Jorge passeia-se pela loja e é quase de olhos fechados que vai dando indicações sobre a localização dos produtos. 

“Olhe que estes chegaram hoje”, avisa, apontando para os dióspiros de tamanho XL que ocupam a parte de cima da prateleira das frutas. “É essa a diferença, ‘tá a ver?” 

Aqui, as framboesas são de Palmela, as laranjas vêm de Silves e as cerejas, claro, do Fundão. Jorge sabe o nome dos clientes de cor e é de graça que faz entregas a quem já não consegue deslocar-se até à loja. “Disto não encontra nessas lojas”, garante, até porque tem como lema não vender só por vender. “Para isso vou ao Continente, onde sou só mais um cliente na fila para pagar.”

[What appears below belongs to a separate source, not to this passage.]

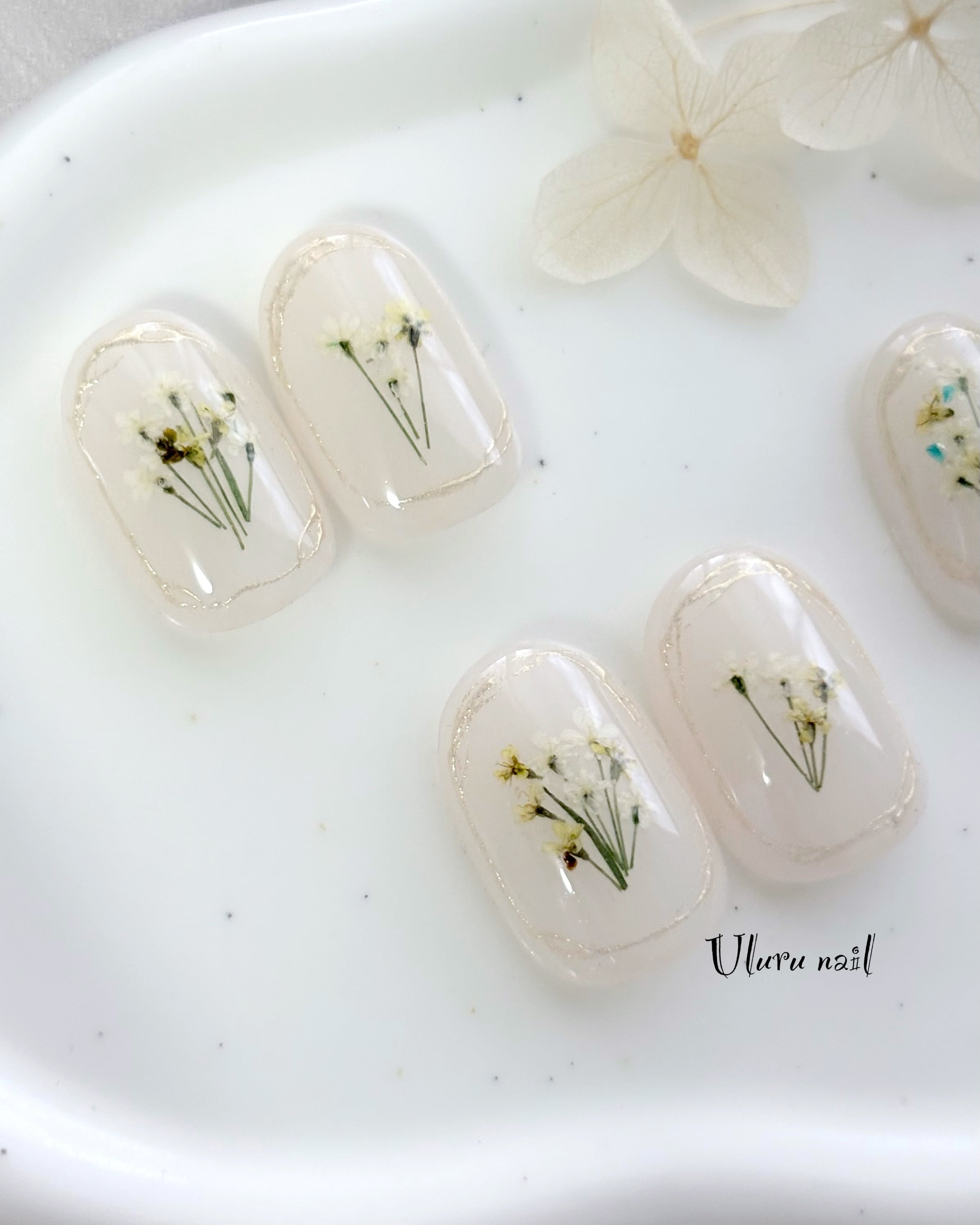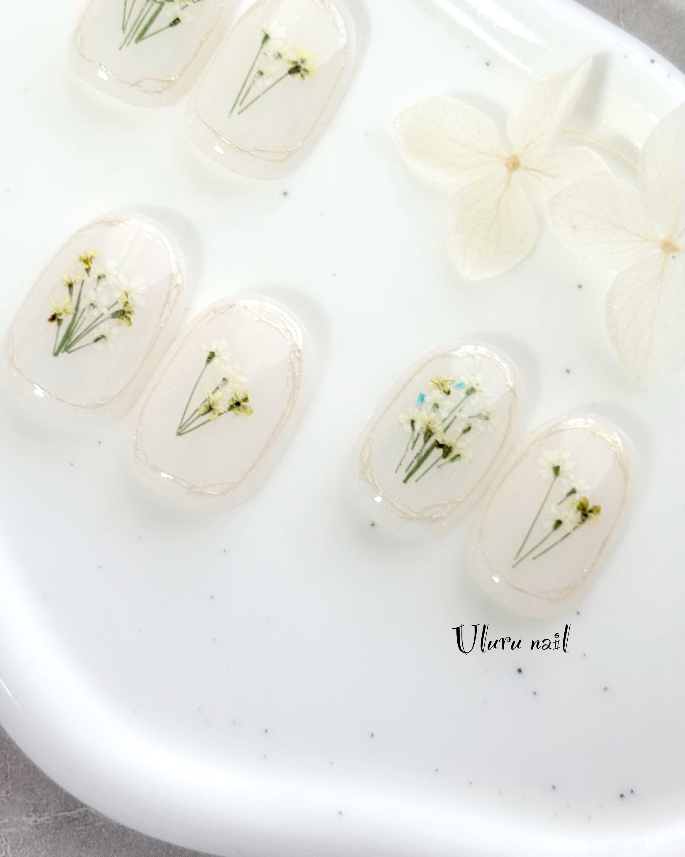 ✳︎ 本物の押し花を埋め込んだネイルチップです。

É também de peito feito que Maria Antonieta fala da confiança que criou com os clientes de uma vida. Há mais de 30 anos que está à frente de uma mercearia que, noutros tempos, chegou a ser única. “E ainda é”, garante, apesar da rápida retificação, “quer dizer, sou a única portuguesa.” Em Arroios, onde o Centro Comercial António Rodrigues – nome original e que nunca foi alterado – está aberto, é difícil passar por uma rua, beco ou escadinha que não tenha pelo menos uma loja de conveniência aberta. “Às vezes, até nos confundem e pensam que vendo tabaco e álcool como eles”, conta. 

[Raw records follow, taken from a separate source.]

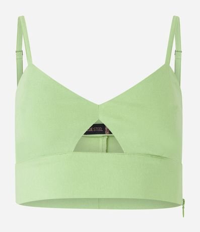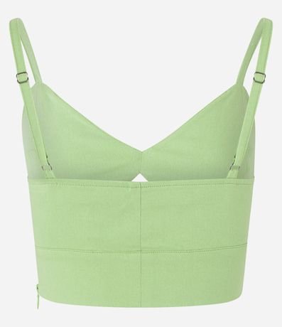 Top alça em bengaline com decote V e abertura abaixo do decote.
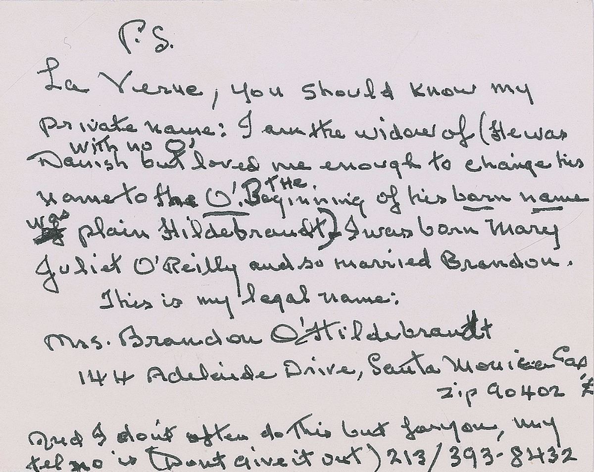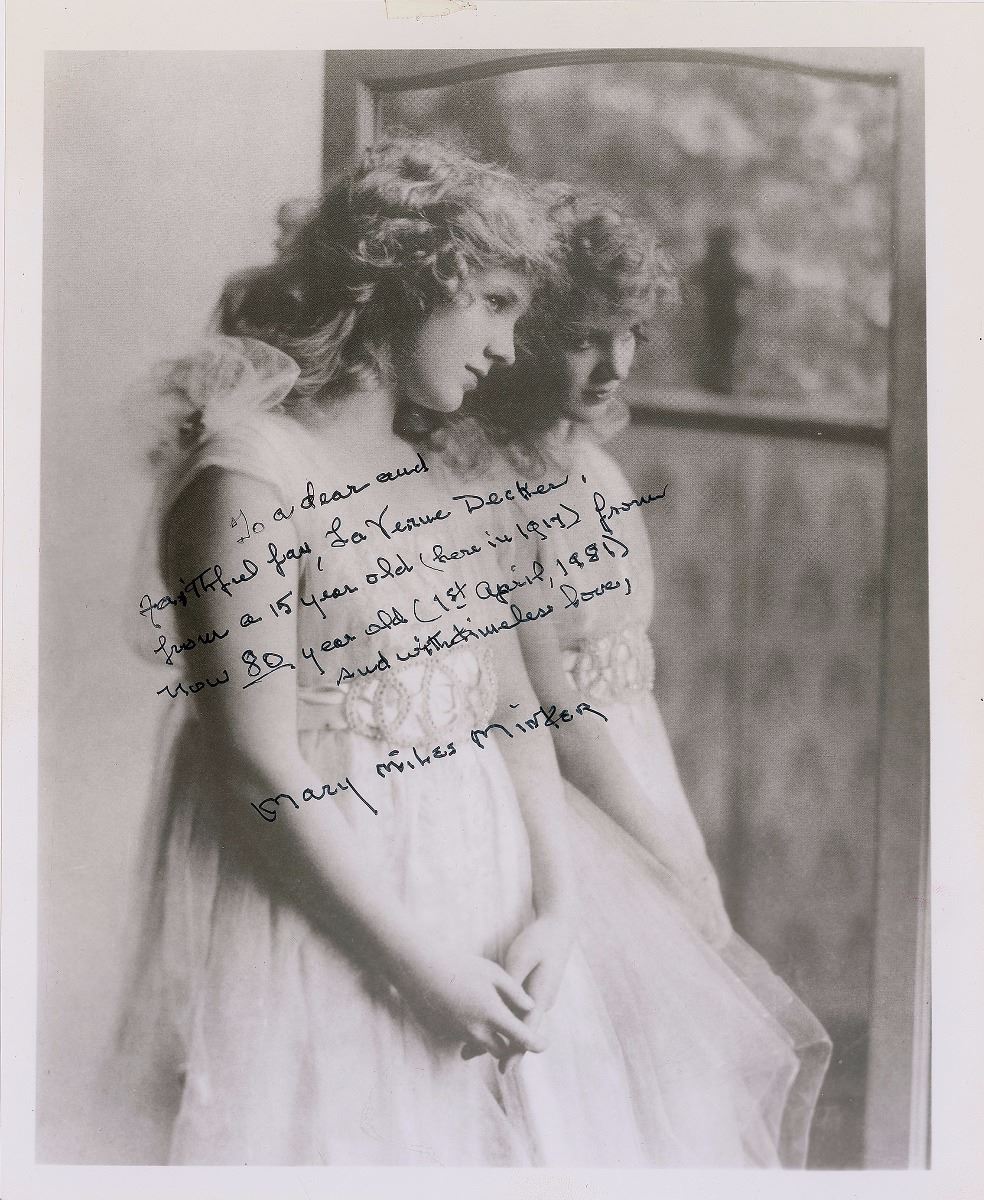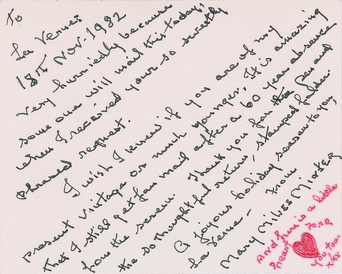 Two items: a lovely glossy 8 x 10 photo of Minter leaning against a mirror, signed and inscribed in black ink, “To a dear and faithful fan, La Verne Decker, from a 15 year old (here in 1917) from now 80 year old (1st April 1981), and with timeless love, Mary Miles Minter”; and an ALS, two pages, 5 x 4, November 18, 1982. Letter to La Verne, in part: “I wish I knew if you are of my present vintage or much younger. It is amazing that I still get fan mail after a 60 year absence from the screen. Thank you for the pen and the so thoughtful return, stamped folder.” Minter draws a heart in red ink, “And here is a little heart forr [sic] you, too. XXX.” The second page consists of a long handwritten postscript, in part: “You should know my private name: I am the widow of (he was Danish with no O’ but loved me enough to change his name to the O’. The beginning of his born name was plain Hildebrandt)—I was born Mary Juliet O’Reilly and so married Brandon. This is my legal name: Mrs. Brandon O’Hildebrandt.” In overall fine condition, with a small piece of tape to top edge of photo. A wonderful and insightful tandem of signed items from the typically withdrawn Minter, an actress whose autograph proved markedly difficult to obtain even during the peak of her short-lived movie career.
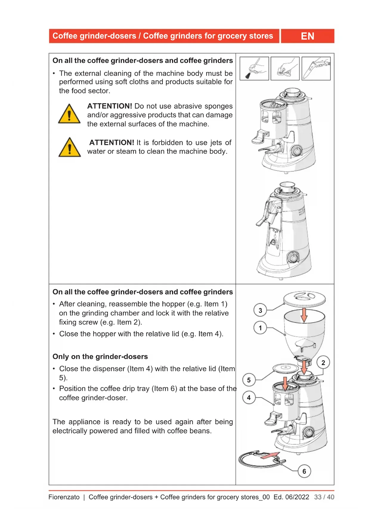 - The external cleaning of the machine body must be performed using soft cloths and products suitable for the food sector. ATTENTION! Do not use abrasive sponges and/or aggressive products that can damage the external surfaces of the machine. ATTENTION! It is forbidden to use jets of waterorsteamtocleanthemachinebody. On all the coffee grinder-dosers and coffee grinders
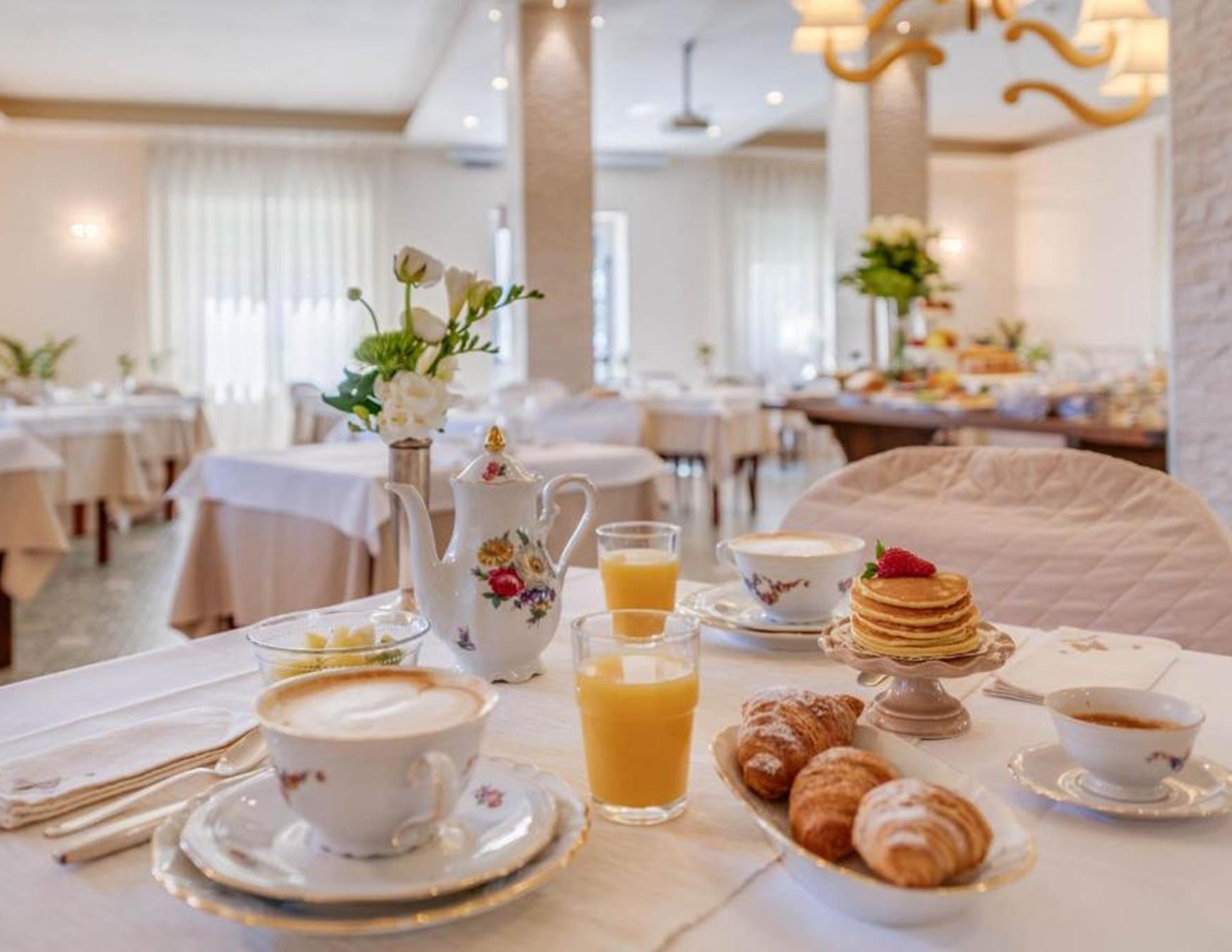 Presso l’albergo potrete usufruire ogni mattina di una colazione con cibi dolci e salati.

Esses são erros de principiante que não acontecem a quem trata Antonieta como família. De molho de chaves na mão, começa a separá-las, uma a uma. “Esta é duma senhora que está no hospital, esta é de um casal que foi de férias e esta aqui é da vizinha daqui da frente, que foi passar as festas com os filhos e me pediu ‘Ó D. Antonieta, deite um olhinho à casa’. Eu vou, que não me importo nada.”

E quando as compras são já pesadas para um bairro envelhecido, Antonieta faz por esquecer os tempos em que o negócio obrigava a ter três funcionários só para as entregas e chama quem sabe que não se importa de ajudar. “Há sempre um rapaz a precisar de umas gorjetas e que me faz esses favores.”

Apesar de, agora, as vendas não serem suficientes sequer para pagar as despesas, Antonieta não culpa os colegas de negócio. “Não me venham cá fazer comparações. Eles nem português falam.”

Umas portas ao lado, quase que a responder aos desabafos de Antonieta, surge o pedido de Samjhama. “English please. Is better.” Aos 30 anos deixou a carreira de professora de História e veio com o marido, antigo contabilista, para Lisboa, abrir este minimercado que, em vez de laranjas de Silves ou bacalhau seco pronto a ser cortado ao gosto do cliente, apresenta um vasto leque de bebidas, tabaco e snacks. “É o que mais vendemos”, garante, apesar do esforço para “aportuguesarem” o stock. 

Numa miscelânea de cores, cheiros e até nacionalidades, é possível encontrar coisas tão exóticas para a gastronomia portuguesa como tapioca, caril ou garan masala ao lado de chocolates Regina ou pasta de dentes Couto.

Samjhama não sabe o nome dos clientes nem se a vizinha da frente prefere laranjas ou clementinas – até porque à barreira da língua se junta a inexperiência de apenas um ano à frente do negócio. Mas ao fim do dia vemos entrar uma pessoa na loja que nem precisa de dizer mais nada a não ser “boa tarde”. “É um Marlboro Light, não é?”, arrisca. A passagem da nota de cinco euros para as mãos de Samjhama é a prova de que acertou.